- Work task
Please find the line that holds "Maintain organization, travel" below and reproduce it, along with every line after it through the end, exactly and without pictures.

- Task inputs
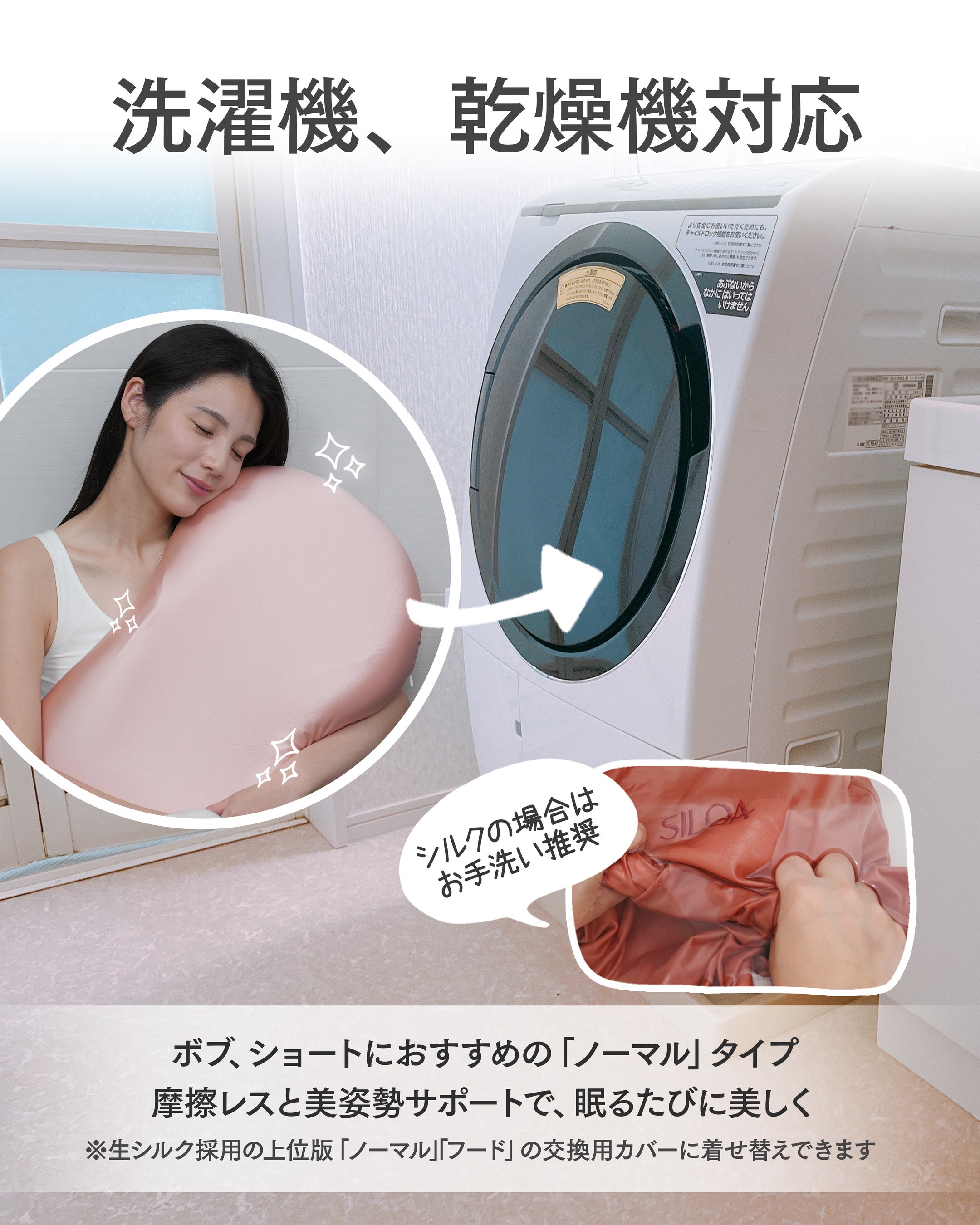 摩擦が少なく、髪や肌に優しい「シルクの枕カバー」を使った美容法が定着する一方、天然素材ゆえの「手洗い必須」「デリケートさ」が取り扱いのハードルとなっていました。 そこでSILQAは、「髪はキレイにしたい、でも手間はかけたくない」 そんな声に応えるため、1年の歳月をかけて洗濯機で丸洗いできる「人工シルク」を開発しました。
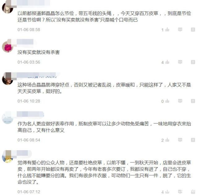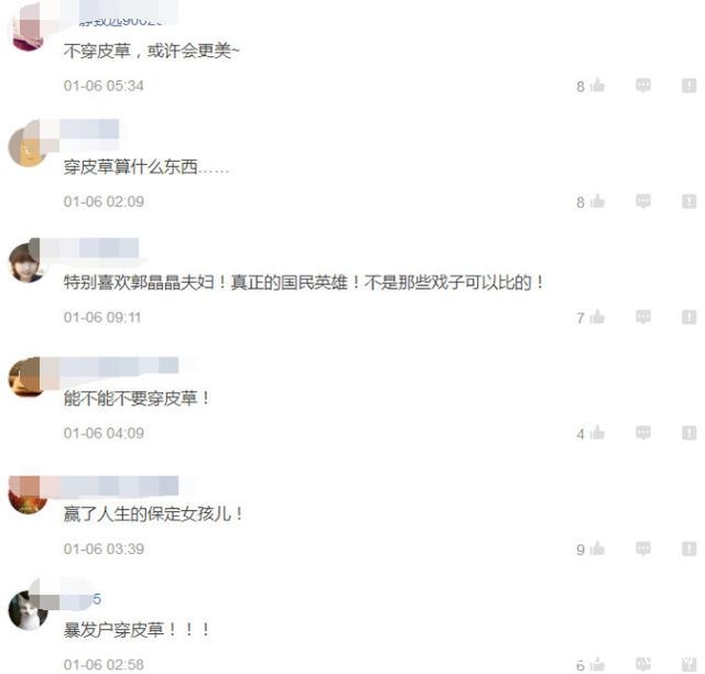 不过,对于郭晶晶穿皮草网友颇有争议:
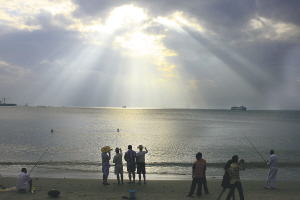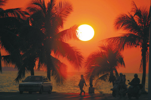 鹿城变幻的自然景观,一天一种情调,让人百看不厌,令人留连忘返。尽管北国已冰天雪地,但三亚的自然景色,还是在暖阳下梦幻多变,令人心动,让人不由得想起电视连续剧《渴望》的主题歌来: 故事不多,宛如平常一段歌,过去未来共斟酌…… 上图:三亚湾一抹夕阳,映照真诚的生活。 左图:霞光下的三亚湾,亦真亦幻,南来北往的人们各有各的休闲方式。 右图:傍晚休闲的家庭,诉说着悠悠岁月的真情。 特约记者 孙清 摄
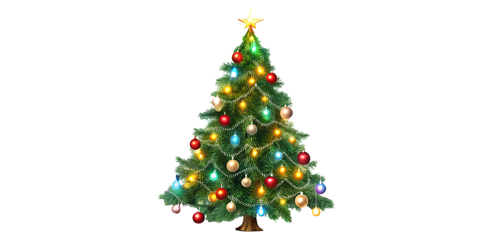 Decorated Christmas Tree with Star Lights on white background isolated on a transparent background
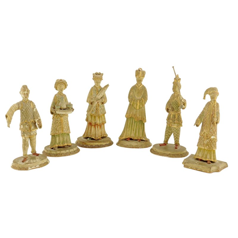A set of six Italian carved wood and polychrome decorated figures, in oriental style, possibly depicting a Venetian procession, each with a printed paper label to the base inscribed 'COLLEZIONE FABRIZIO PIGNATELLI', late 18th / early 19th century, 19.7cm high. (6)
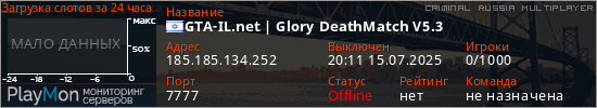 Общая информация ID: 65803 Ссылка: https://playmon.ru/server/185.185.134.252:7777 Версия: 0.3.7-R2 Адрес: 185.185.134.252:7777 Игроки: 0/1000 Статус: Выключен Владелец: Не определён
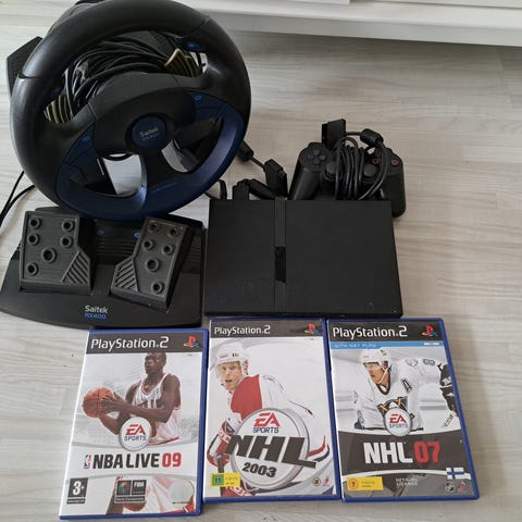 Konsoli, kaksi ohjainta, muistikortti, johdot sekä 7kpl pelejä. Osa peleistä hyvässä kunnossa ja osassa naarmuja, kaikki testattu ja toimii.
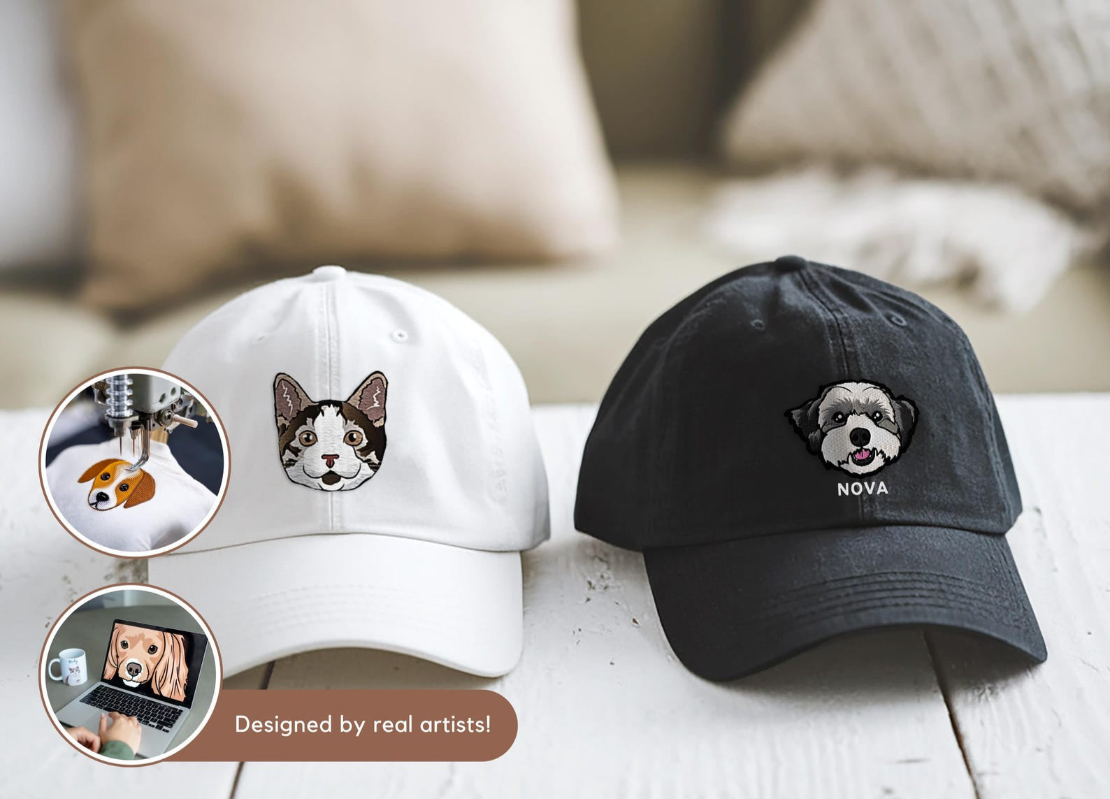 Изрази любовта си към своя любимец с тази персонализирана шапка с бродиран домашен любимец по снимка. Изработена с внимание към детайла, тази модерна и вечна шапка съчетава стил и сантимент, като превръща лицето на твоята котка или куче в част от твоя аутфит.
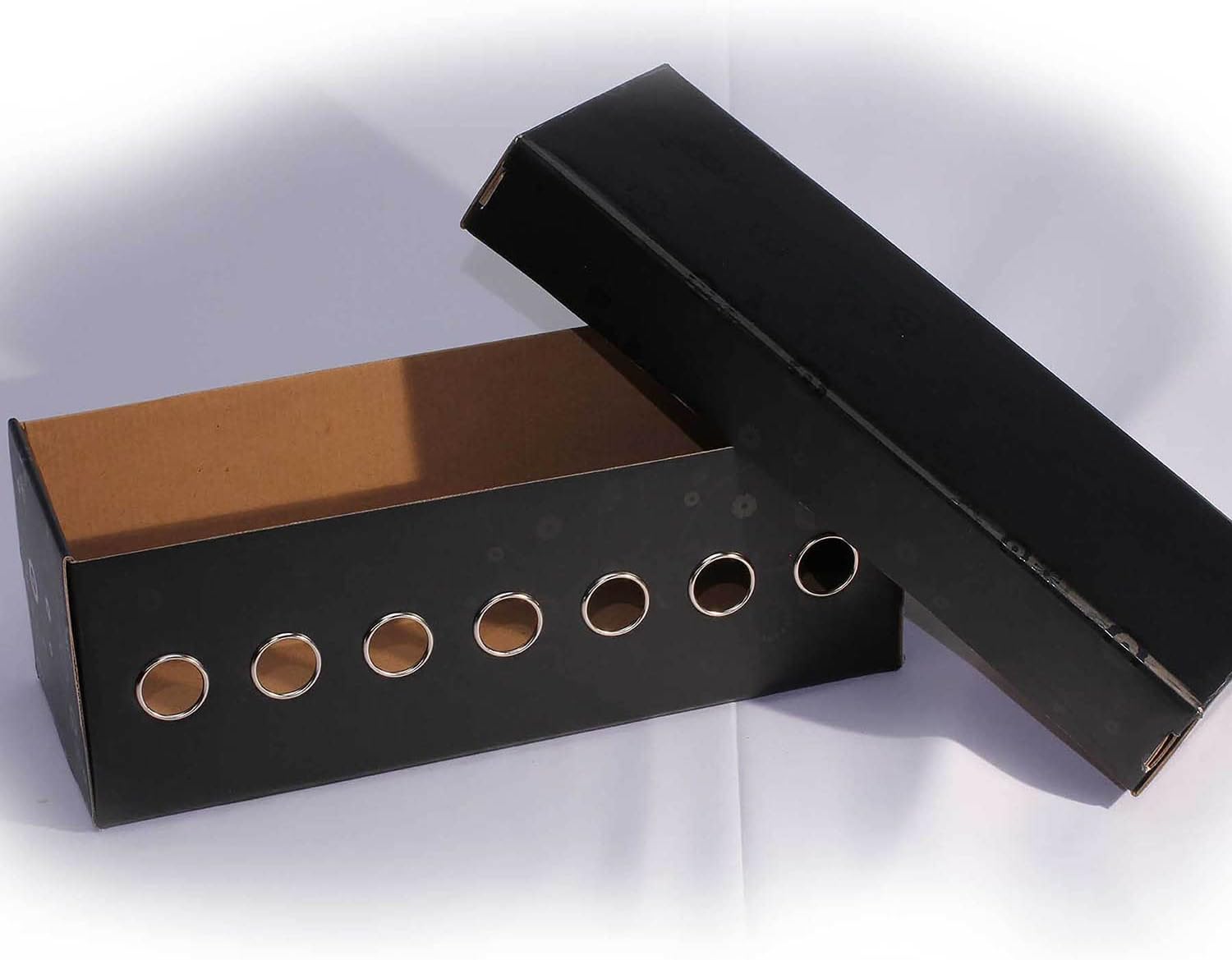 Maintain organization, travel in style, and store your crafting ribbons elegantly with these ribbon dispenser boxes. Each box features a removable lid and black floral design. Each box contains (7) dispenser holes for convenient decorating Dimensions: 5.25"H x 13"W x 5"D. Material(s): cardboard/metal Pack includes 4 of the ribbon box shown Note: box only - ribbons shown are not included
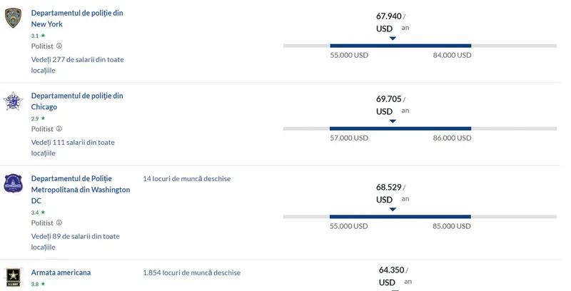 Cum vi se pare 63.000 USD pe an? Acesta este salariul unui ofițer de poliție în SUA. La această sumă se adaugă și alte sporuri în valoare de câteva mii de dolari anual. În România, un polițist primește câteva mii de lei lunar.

- Answer box
 Maintain organization, travel in style, and store your crafting ribbons elegantly with these ribbon dispenser boxes. Each box features a removable lid and black floral design. Each box contains (7) dispenser holes for convenient decorating Dimensions: 5.25"H x 13"W x 5"D. Material(s): cardboard/metal Pack includes 4 of the ribbon box shown Note: box only - ribbons shown are not included
 Cum vi se pare 63.000 USD pe an? Acesta este salariul unui ofițer de poliție în SUA. La această sumă se adaugă și alte sporuri în valoare de câteva mii de dolari anual. În România, un polițist primește câteva mii de lei lunar.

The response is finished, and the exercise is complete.